||It has been suggested that Non-specific, adsorptive pinocytosis be merged into this article. (Discuss) Proposed since July 2013.|
In cellular biology, pinocytosis, otherwise known as cell drinking, fluid endocytosis, and bulk-phase pinocytosis, is a mode of endocytosis in which small particles are brought into the cell, forming an invagination, and then suspended within small vesicles. These pinocytotic vesicles subsequently fuse with lysosomes to hydrolyze (break down) the particles. This process requires energy in the form of adenosine triphosphate (ATP), the chemical compound mostly used as energy in the majority of animal cells.

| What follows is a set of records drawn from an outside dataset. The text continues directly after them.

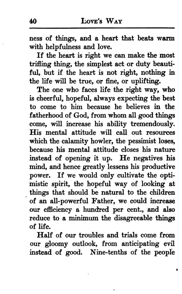 The one who faces life the right way, who is cheerful, hopeful, always expecting the best to come to him because he believes in the fatherhood of God, from whom all good things come, will increase his ability tremendously. His mental attitude will call out resources which the calamity howler, the pessimist loses, because his mental attitude closes his nature instead of opening it up. He negatives his mind, and hence greatly lessens his productive power. If we would only cultivate the optimistic spirit, the hopeful way of looking at things that should be natural to the children of an all-powerful Father, we could increase our efficiency a hundred per cent., and also reduce to a minimum the disagreeable things of life.
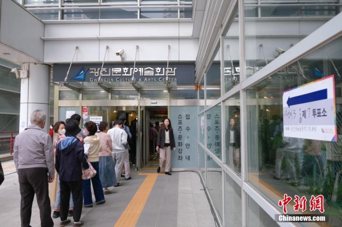 當(dāng)?shù)貢r間4月10日,韓國第22屆國會議員選舉啟動正式投票,各政黨候選人將角逐國會300個議席。圖為選民排隊進(jìn)入首爾市廣津區(qū)一處投票站。
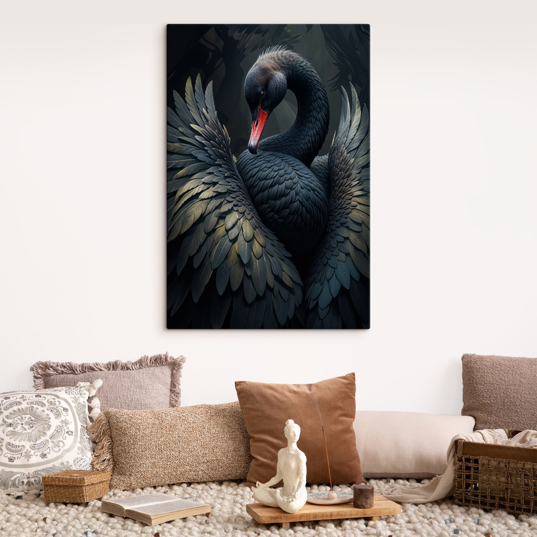 Transformeer je ruimte met de prachtige “Canvas Schilderijen Zwarte Zwaan met Rode Snavel”. Dit stuk is niet zomaar een decoratie; het is een statement. Stel je voor: een prachtige zwarte zwaan met een rode snavel, sierlijk poserend tussen bladeren die tot leven lijken te komen. Het is alsof hij je uitnodigt voor een gesprek over de elegantie van de natuur.
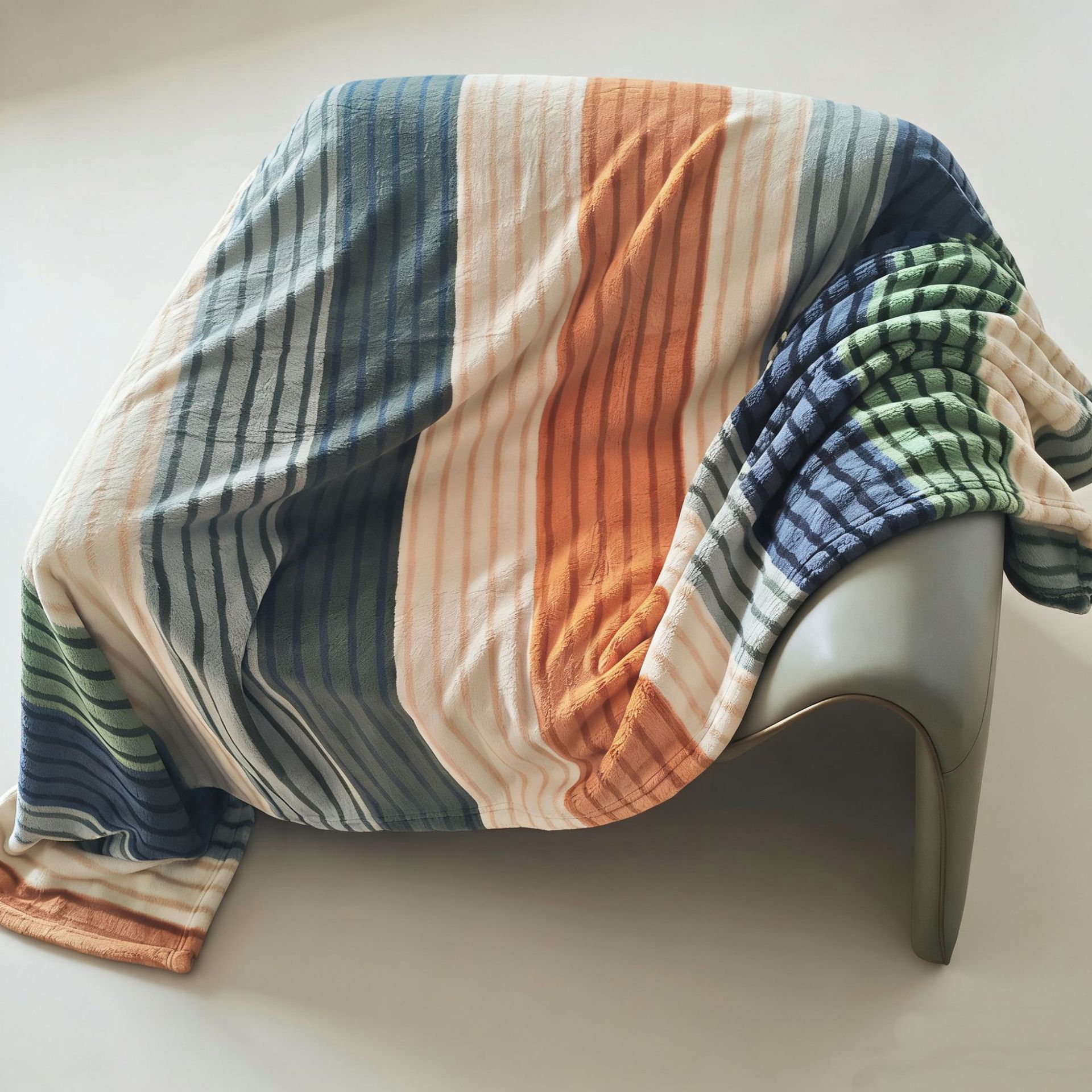 1:竖条是压花压出来的,不是织布织出来的提花面料,这样可以保住毛毯的反面风格依旧是平纹,这样做的好处是显厚,盖起来更舒服;
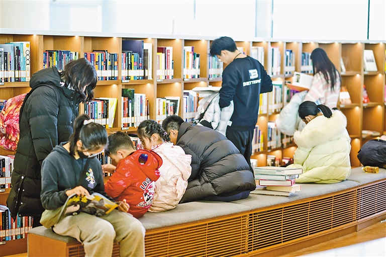 周末,不少市民来到新开馆不久的北京城市图书馆,在书香中度过假日。 图为1月14日,市民在北京城市图书馆里阅读。 新华社记者 彭子洋 摄
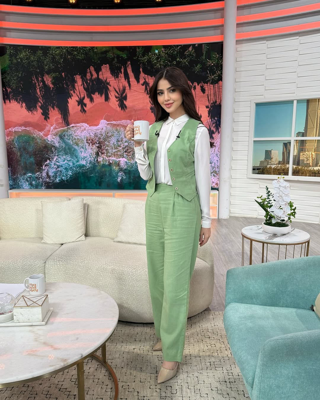 في ظهورها على شاشة "صباح الخير يا عرب"، اختارت نيرمين طقمًا بلون الأخضر الباستيلي مع قميص أبيض كلاسيكي، لتُجسّد بساطة راقية تناسب صباحات العمل.
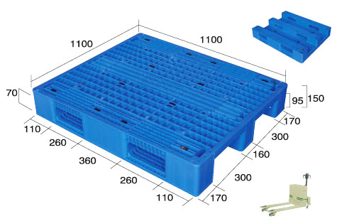 | 塑料托盘(pallet)是为了便于货物装卸、运输、保管和配送等而使用的由可以承载若干数量物品的负荷面和叉车插口构成的装卸用垫板。它是物流产业中最不起眼,却又无处不在的一种物流器具,是静态货物转变为动态货物的主要手段。尽管只有一米见方大小,却“可以移动整个地球”,所以又叫做“活动的地面”、“移动的货台”。
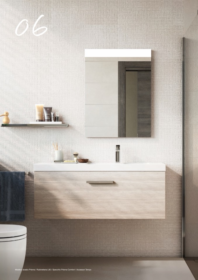 Mobile e lavabo Prisma / Rubinetteria L90 / Specchio Prisma Comfort / Accessori Tempo
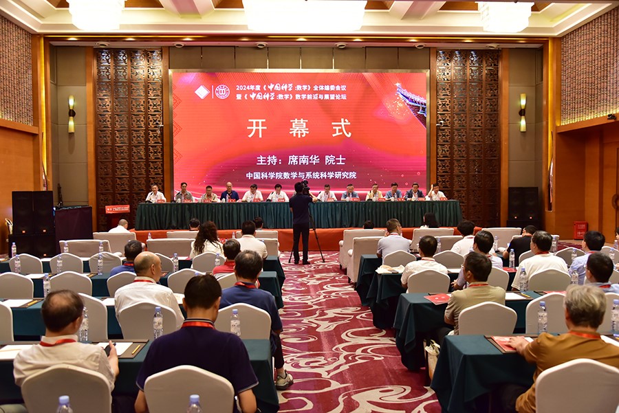 7月20日,《中国科学:数学》数学前沿与展望论坛在恩施开幕。中国科学院数学与系统科学研究院席南华院士,中国科协副主席、中国科学院数学与系统科学研究院袁亚湘院士,南开大学张伟平院士,武汉大学校长张平文院士,中国科学技术大学叶向东院士,中国科学院数学与系统科学研究院院长张平院士,浙江大学包刚院士,复旦大学沈维孝院士,英国牛津大学陈贵强教授,南方科技大学邵启满教授,恩施州委副书记、州长夏锡璠,副州长许强,九游会国际党委副书记、校长顿祖义出席开幕式并在主席台就坐。开幕式由席南华主持。

Pinocytosis is used primarily for the absorption of extracellular fluids (ECF). In contrast to phagocytosis, it generates very small amounts of ATP from the wastes of alternative substances such as lipids (fat). Unlike receptor-mediated endocytosis, pinocytosis is nonspecific in the substances that it transports. The cell takes in surrounding fluids, including all solutes present. Pinocytosis also works as phagocytosis; the only difference is that phagocytosis is specific in the substances it transports. Phagocytosis engulfs whole particles, which are later broken down by enzymes, such as cathepsins, and absorbed into the cells. Pinocytosis, on the other hand, is when the cell engulfs already-dissolved or broken-down food.
Pinocytosis is non-specific and non-absorptive. Molecule-specific endocytosis is called receptor-mediated endocytosis.
Etymology and pronunciation
The word pinocytosis (/, , , /) uses combining forms of pino- + cyto- + -osis, all New Latin from Greek, reflecting píno, to drink, and cytosis. The term was proposed by W. H. Lewis in 1931.